IT Brief Australia - Technology news for CIOs & IT decision-makers
Story image
Is ChatGPT’s use of our personal data even legal?
Tue, 25th Jul 2023

While AI-powered tools and machine learning models can help us automate routine tasks and have the potential to revolutionise the way we interact with technology, aiding in applications such as chatbots, language translation, and even coding, it's also important to consider their potential drawbacks.

Privacy and ChatGPT

Privacy stands out as a primary concern surrounding these models, as it can be challenging to ascertain if individuals' data has been utilised to train a machine learning model. GPT-3, for instance, is a large language model (LLM) trained on extensive internet data, including personal websites and content from social media platforms.

This has led to concerns that the model has been using personal data without the owners’ permission, and it may now be difficult to control, delete or even say you “own” this data once it has been used to train the model.

Another significant concern is the "right to be forgotten." As the utilisation of GPT and other machine learning models becomes increasingly prevalent, individuals may desire the ability to erase their info from the model’s database.

However, at this point, there is no universal method for individuals to demand the deletion of their data from a machine-learning model. Some researchers and companies are exploring techniques to enable the removal or "forgetting" of specific data points, but these methods are still in the early stages of development, and their feasibility and effectiveness remain uncertain.

So, is that legal?

The legality of employing personal data to train machine learning models like GPT-3 varies depending on the specific laws and regulations in a particular country or region. For example, in the European Union, the General Data Protection Regulation (GDPR) requires that data be collected and used solely for specific, lawful purposes.

In accordance with GDPR regulations, organisations must seek explicit consent from individuals prior to gathering and utilising their data. While there exists a legal foundation for processing personal data for scientific and historical research purposes, the controller must adhere to GDPR's core principles and uphold individuals' rights.

These rights encompass the right to be informed, the right to access, the right to rectification, the right to erasure, the right to object, and the right to data portability.

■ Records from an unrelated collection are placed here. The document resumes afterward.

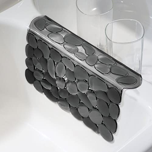 MDesign Set da 3 Tappetini per lavello cucina in plastica - Grande tappetino lavandino protettivo con design a ciottoli - Accessori cucina per lavello a doppia vasca - nero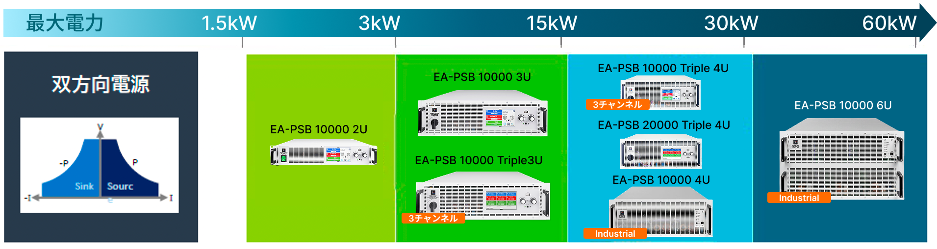 テクトロニクス製品に新しく加わったElektro-Automatik(以下:EA製品)は、ベンチから大電力まで、1.5kWから、並列連結して最大3.8MWまでの構築に対応する幅広いラインアップをご提供しています。テクトロニクスの先進的なオシロスコープ、スぺクトラム・アナライザ、信号源に加え、ケースレー製品とEA製品の高出力技術ラインを組み合わせることで、より正確で効率的なソリューションをご提供できるようになりました。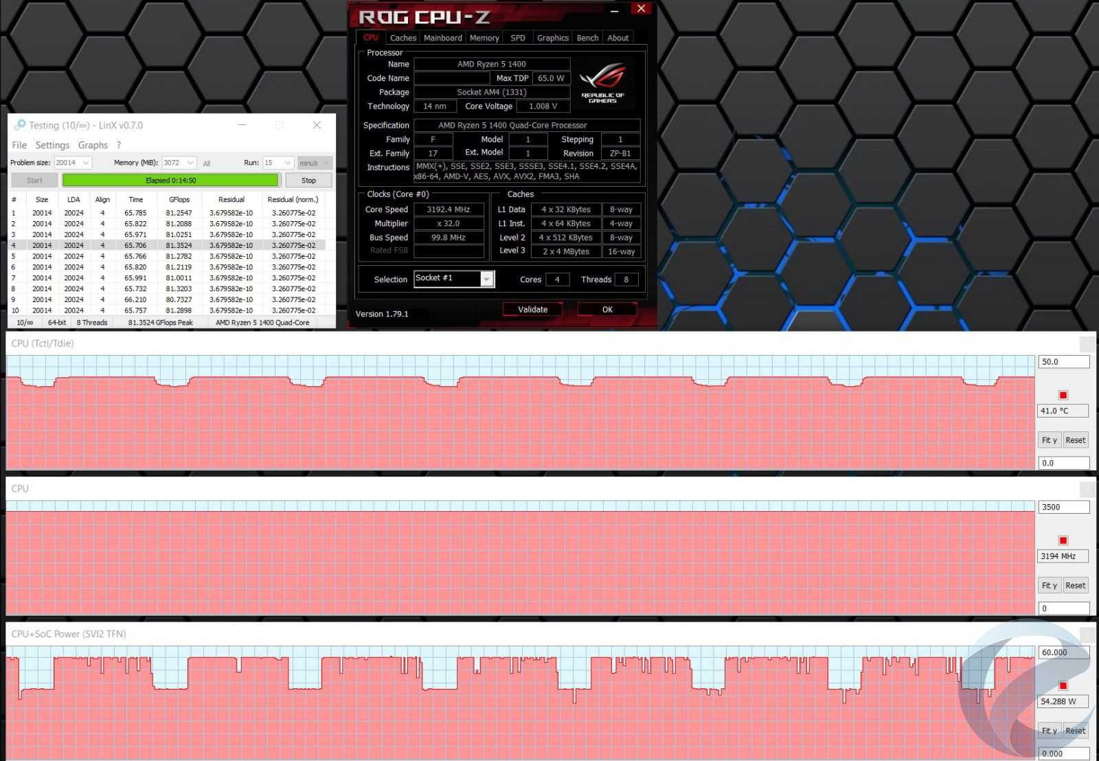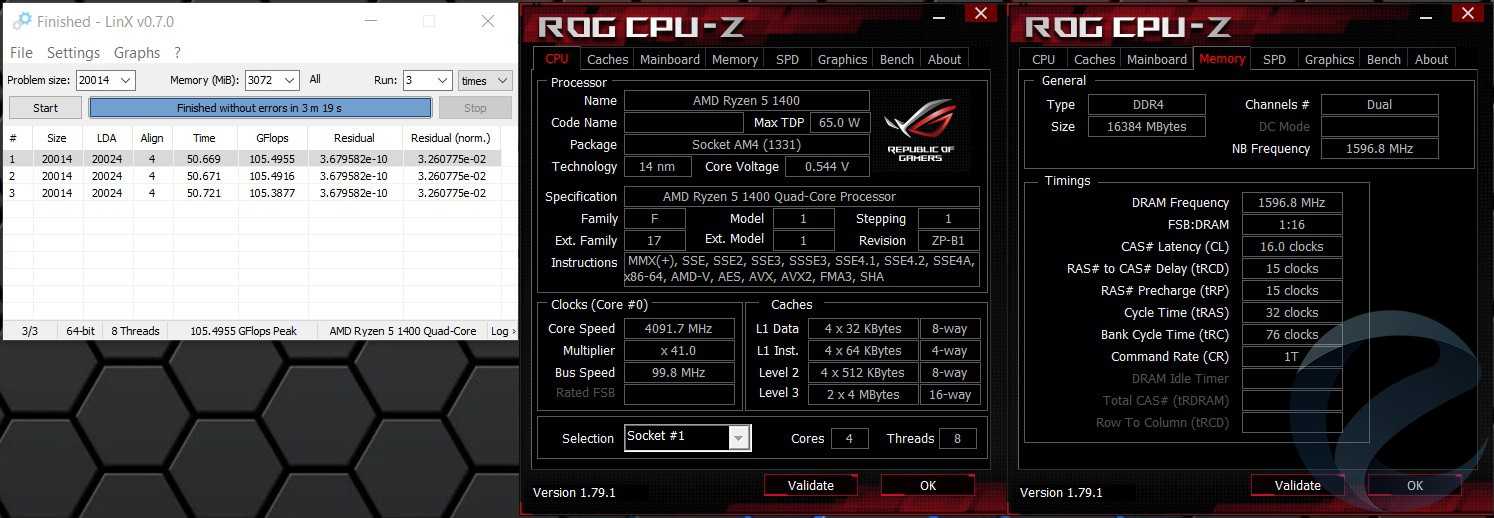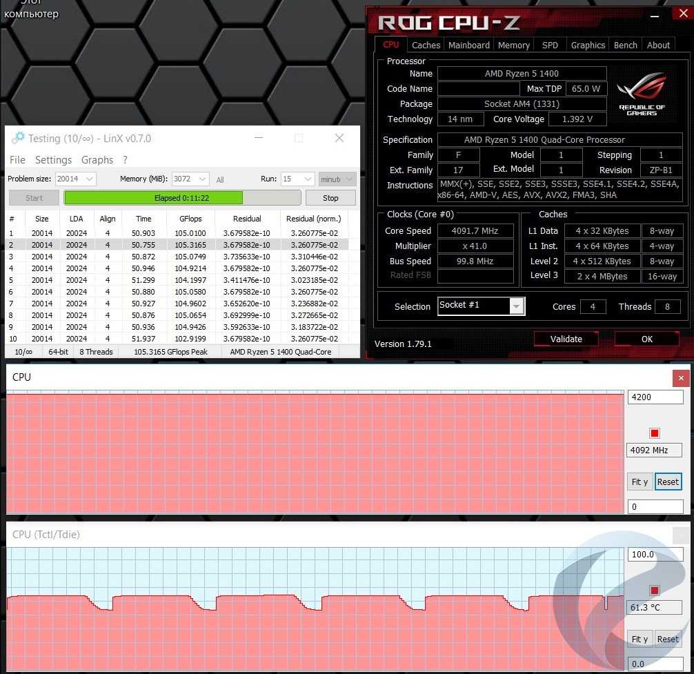 Для тестирования стабильности и нагрева процессора использовалась программа Linx 0.7.0 с объемом задачи 20014.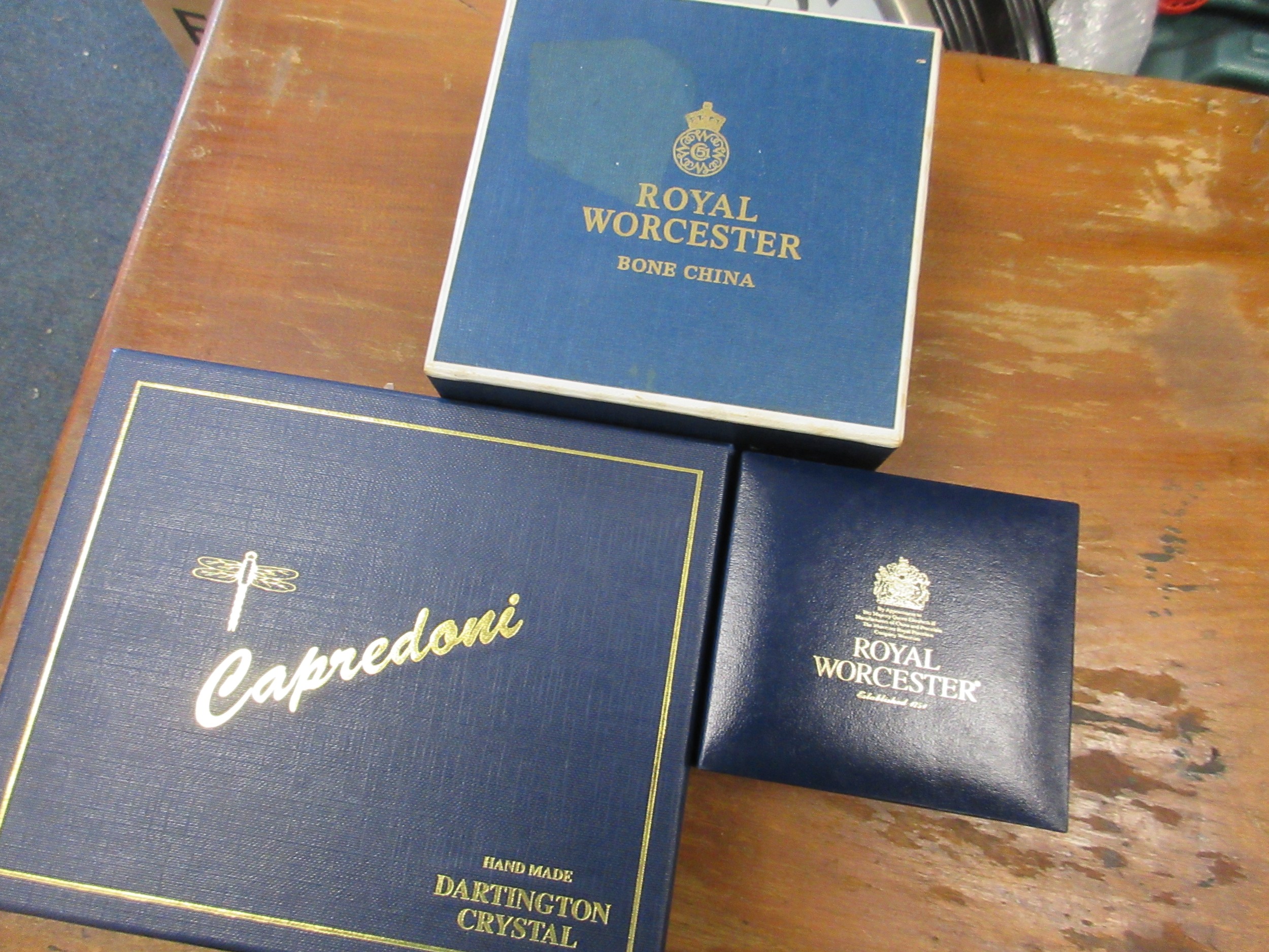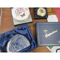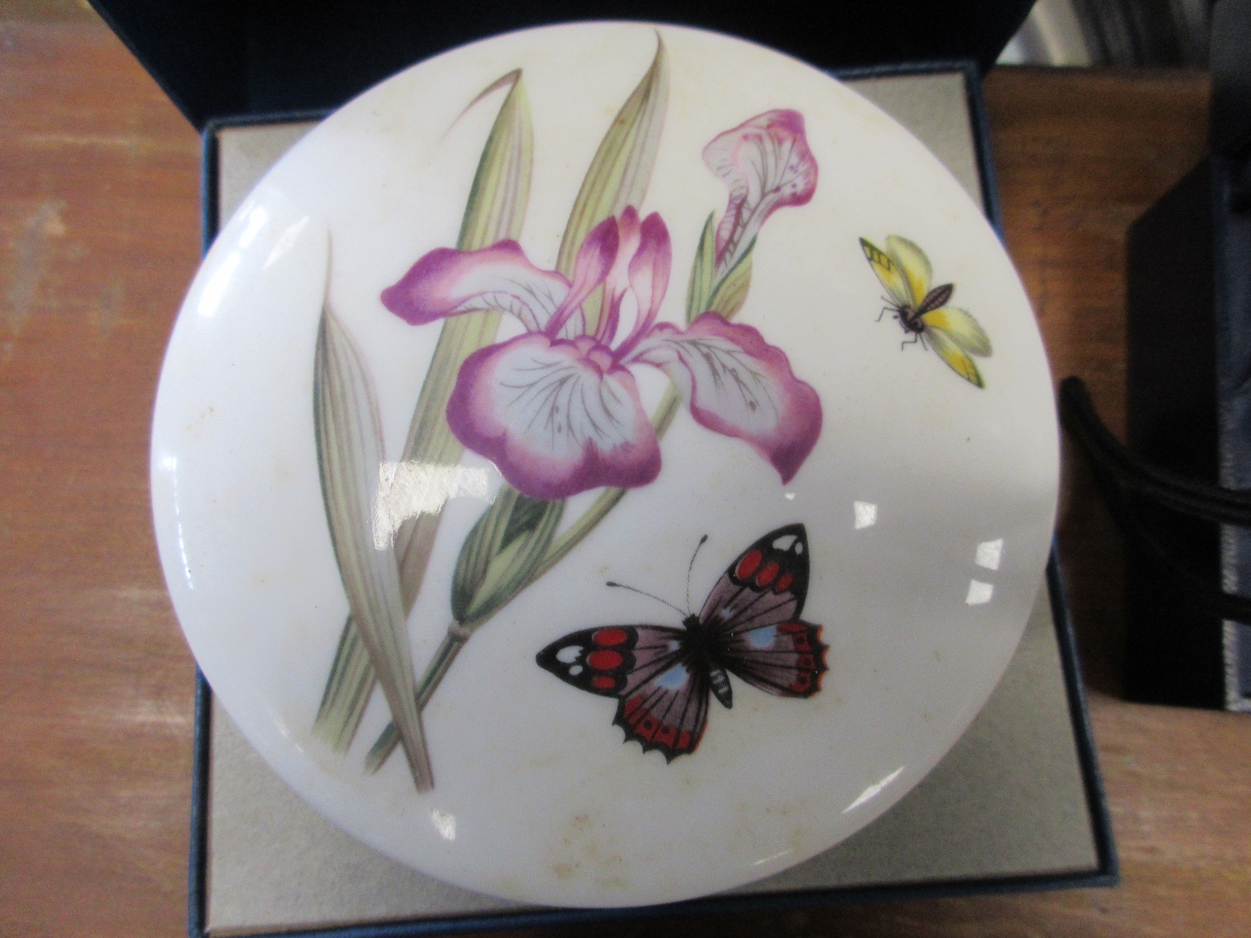 Two china boxes and a crystal paperweight - a Royal Worcester L/S Round China box to celebrate QEII Golden Jubilee limited edition 376/2002 with certificate. A Royal Worcester bone china round jar decorated with butterflies and flowers. An Alfred Capredoni Dartington Crystal fawn iceberg paperweight C10011.

It would appear that many language models may not entirely conform to GDPR requirements.

On the other side of the Atlantic, there is no federal law that specifically regulates the use of personal data to train machine learning models in the United States. However, generally, organisations are required to adhere to laws such as the Health Insurance Portability and Accountability Act (HIPAA) and the Children's Online Privacy Protection Act (COPPA) when collecting and using personal data from individuals in sensitive categories.

In California – where many prominent technology companies are located – compliance with the California Consumer Privacy Act (CCPA), which shares similarities with GDPR, is mandatory.

Ultimately, the development of AI models is constantly in flux. As the field is always evolving, laws and regulations surrounding personal data use in AI are likely to evolve too.

Accuracy of ChatGPT

Another significant concern surrounding language models is the lack of verification and misinformation. It has been widely reported that many language-learning AIs present information confidently and as fact when the information is, in fact, inaccurate. This absence of fact-checking mechanisms could potentially contribute to the spread of false information, particularly in regard to sensitive information like news, politics, and medicine.

Large language learning models possess transformative potential, revolutionising technology interactions and automating diverse tasks. Nevertheless, acknowledging and addressing their potential drawbacks and concerns is crucial. As their use grows, tackling privacy, verification, and misinformation issues becomes imperative.